Калалек усиленно греб веслами всю оставшуюся часть дня, пробиваясь сквозь шквал непрекращающегося дождя вперемежку со снегом, и до полудня следующего дня. Он позвал, когда проголодался, и Ангайоркак накормила его совершенно протухшими кусками мяса, однажды так сильно рассмеявшись, что он даже чуть не выронил весла, – это было когда он вместо мяса схватил зубами ее палец. Армун сидела, съежившись, под куском шкуры, прижав к себе детей, чтобы они не замерзли, и удивлялась всему увиденному. Только в сумерках Калалек подгреб к берегу, подыскивая место для ночлега. Он выгнал лодку на гладкий песок, и они все вместе приложили немало усилий, чтобы втащить ее за линию прилива.

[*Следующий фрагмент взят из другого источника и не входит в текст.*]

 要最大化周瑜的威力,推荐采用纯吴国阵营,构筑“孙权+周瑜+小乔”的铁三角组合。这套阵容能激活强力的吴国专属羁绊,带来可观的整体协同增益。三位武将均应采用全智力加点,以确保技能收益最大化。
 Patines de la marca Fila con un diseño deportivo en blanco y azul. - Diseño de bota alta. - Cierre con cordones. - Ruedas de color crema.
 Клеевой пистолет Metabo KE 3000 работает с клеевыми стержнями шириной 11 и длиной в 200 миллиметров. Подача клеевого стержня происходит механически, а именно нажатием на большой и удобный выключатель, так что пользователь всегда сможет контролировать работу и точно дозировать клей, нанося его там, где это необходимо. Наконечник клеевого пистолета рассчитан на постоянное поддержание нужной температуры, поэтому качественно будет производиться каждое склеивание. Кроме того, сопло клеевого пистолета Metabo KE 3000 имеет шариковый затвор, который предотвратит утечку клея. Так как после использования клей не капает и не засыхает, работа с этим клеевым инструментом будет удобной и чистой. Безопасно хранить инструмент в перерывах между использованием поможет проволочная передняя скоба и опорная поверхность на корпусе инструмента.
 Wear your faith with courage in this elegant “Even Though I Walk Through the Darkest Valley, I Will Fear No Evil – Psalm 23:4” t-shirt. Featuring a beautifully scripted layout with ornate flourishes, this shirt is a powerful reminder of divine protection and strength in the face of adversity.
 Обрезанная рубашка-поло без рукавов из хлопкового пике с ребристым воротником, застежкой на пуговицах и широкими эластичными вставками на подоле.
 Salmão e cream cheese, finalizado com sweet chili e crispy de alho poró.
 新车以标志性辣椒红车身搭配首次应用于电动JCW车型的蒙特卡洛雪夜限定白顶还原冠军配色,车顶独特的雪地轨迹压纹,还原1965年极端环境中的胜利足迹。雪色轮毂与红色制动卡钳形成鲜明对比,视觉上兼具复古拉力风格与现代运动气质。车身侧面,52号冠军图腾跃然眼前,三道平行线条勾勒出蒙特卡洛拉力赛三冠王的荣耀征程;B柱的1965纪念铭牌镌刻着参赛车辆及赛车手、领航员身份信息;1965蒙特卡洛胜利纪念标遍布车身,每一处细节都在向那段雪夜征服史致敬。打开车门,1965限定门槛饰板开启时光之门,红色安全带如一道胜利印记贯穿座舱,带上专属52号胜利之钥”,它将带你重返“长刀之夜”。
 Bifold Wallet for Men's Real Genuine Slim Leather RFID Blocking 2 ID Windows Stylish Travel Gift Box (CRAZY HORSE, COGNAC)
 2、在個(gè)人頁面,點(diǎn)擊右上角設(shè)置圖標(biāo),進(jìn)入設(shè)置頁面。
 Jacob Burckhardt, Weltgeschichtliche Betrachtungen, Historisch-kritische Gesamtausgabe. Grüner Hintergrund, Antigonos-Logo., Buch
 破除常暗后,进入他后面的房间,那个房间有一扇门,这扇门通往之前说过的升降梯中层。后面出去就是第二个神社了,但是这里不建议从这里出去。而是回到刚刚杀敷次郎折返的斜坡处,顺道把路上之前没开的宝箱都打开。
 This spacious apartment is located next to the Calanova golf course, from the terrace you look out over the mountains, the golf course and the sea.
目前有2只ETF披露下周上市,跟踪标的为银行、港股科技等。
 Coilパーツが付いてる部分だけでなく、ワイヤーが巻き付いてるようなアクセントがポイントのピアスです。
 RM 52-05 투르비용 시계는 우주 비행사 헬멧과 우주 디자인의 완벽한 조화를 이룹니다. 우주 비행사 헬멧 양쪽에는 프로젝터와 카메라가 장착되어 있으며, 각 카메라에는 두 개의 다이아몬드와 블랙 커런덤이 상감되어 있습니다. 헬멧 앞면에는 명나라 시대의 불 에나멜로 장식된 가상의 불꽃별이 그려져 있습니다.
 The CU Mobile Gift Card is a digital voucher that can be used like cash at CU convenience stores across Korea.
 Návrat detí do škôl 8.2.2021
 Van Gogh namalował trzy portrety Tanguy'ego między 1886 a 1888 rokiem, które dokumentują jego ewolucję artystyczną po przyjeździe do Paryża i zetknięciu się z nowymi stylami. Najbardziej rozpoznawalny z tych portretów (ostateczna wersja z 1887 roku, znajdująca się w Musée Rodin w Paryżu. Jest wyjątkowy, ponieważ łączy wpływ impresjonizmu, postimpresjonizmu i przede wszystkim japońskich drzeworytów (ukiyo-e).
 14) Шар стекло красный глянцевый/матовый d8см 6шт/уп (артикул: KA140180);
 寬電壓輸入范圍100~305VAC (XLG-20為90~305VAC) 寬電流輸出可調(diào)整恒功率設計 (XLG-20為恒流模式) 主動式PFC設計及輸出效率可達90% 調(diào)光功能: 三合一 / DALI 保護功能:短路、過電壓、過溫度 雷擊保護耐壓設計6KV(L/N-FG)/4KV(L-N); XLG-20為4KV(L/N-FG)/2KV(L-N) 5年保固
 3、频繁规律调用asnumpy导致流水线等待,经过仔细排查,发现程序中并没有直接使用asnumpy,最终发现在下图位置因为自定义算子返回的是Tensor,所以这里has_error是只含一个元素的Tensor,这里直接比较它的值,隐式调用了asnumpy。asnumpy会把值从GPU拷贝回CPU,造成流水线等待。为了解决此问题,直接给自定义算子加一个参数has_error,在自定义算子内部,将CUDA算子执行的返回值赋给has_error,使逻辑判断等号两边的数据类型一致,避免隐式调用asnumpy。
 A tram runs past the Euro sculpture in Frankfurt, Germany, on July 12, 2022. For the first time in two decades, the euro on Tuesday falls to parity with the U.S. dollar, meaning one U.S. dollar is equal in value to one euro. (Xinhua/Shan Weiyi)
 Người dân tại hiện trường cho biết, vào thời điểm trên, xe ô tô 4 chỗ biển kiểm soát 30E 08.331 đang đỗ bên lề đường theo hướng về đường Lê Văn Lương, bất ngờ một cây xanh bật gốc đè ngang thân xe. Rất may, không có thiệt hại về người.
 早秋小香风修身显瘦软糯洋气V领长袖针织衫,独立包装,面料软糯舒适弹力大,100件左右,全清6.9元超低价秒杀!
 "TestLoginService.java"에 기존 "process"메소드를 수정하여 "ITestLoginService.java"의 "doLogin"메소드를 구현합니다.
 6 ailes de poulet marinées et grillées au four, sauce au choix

И это продолжалось на протяжении многих дней, которым они потеряли счет. Каждый день с утра до вечера Калалек греб изо всех сил, совершенно не уставая. Ангайоркак что-то напевала себе под нос, когда вычерпывала кожаной чашей воду из лодки, и казалось, что здесь, в лодке, она чувствовала себя дома больше, чем если бы была на суше. Армун было все хуже и хуже от постоянного движения, она лежала, укрывшись меховыми шкурами, и большую часть дня ее знобило, она крепко прижимала к себе Арнхвита, который как и она испытывал недомогание и тошноту. Через несколько дней Харл привык к постоянной качке и присоединился к Кукуйюку, который стоял на корме, где они ставили яруса (длинные веревки с крюками для ловли рыбы), и болтали друг с другом на понятном им обоим языке.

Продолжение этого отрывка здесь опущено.